◆ **Data shown**
□ □ □ □

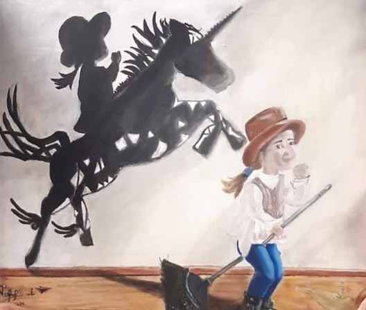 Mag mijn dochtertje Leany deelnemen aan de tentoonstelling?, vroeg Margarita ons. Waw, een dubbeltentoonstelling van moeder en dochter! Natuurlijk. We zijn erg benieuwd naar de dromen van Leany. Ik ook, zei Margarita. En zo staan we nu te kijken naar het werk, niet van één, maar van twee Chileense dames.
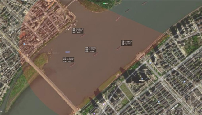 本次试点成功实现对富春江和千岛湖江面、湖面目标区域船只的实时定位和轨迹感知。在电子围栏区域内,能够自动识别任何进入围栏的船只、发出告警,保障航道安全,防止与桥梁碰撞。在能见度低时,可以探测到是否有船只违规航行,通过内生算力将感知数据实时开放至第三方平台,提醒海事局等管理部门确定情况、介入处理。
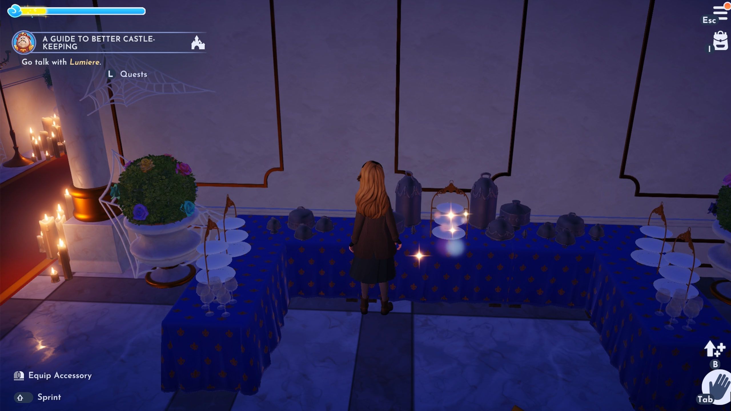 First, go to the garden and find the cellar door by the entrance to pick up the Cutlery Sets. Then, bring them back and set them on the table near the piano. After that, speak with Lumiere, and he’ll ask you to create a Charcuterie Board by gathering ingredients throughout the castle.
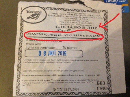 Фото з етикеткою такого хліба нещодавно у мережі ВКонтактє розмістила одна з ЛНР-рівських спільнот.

□ □ □ □

◆ **Work to complete**
Please print all the lines above exactly as given and leave out every picture.

◆ **Answer to the exercise**
 Mag mijn dochtertje Leany deelnemen aan de tentoonstelling?, vroeg Margarita ons. Waw, een dubbeltentoonstelling van moeder en dochter! Natuurlijk. We zijn erg benieuwd naar de dromen van Leany. Ik ook, zei Margarita. En zo staan we nu te kijken naar het werk, niet van één, maar van twee Chileense dames.
 本次试点成功实现对富春江和千岛湖江面、湖面目标区域船只的实时定位和轨迹感知。在电子围栏区域内,能够自动识别任何进入围栏的船只、发出告警,保障航道安全,防止与桥梁碰撞。在能见度低时,可以探测到是否有船只违规航行,通过内生算力将感知数据实时开放至第三方平台,提醒海事局等管理部门确定情况、介入处理。
 First, go to the garden and find the cellar door by the entrance to pick up the Cutlery Sets. Then, bring them back and set them on the table near the piano. After that, speak with Lumiere, and he’ll ask you to create a Charcuterie Board by gathering ingredients throughout the castle.
 Фото з етикеткою такого хліба нещодавно у мережі ВКонтактє розмістила одна з ЛНР-рівських спільнот.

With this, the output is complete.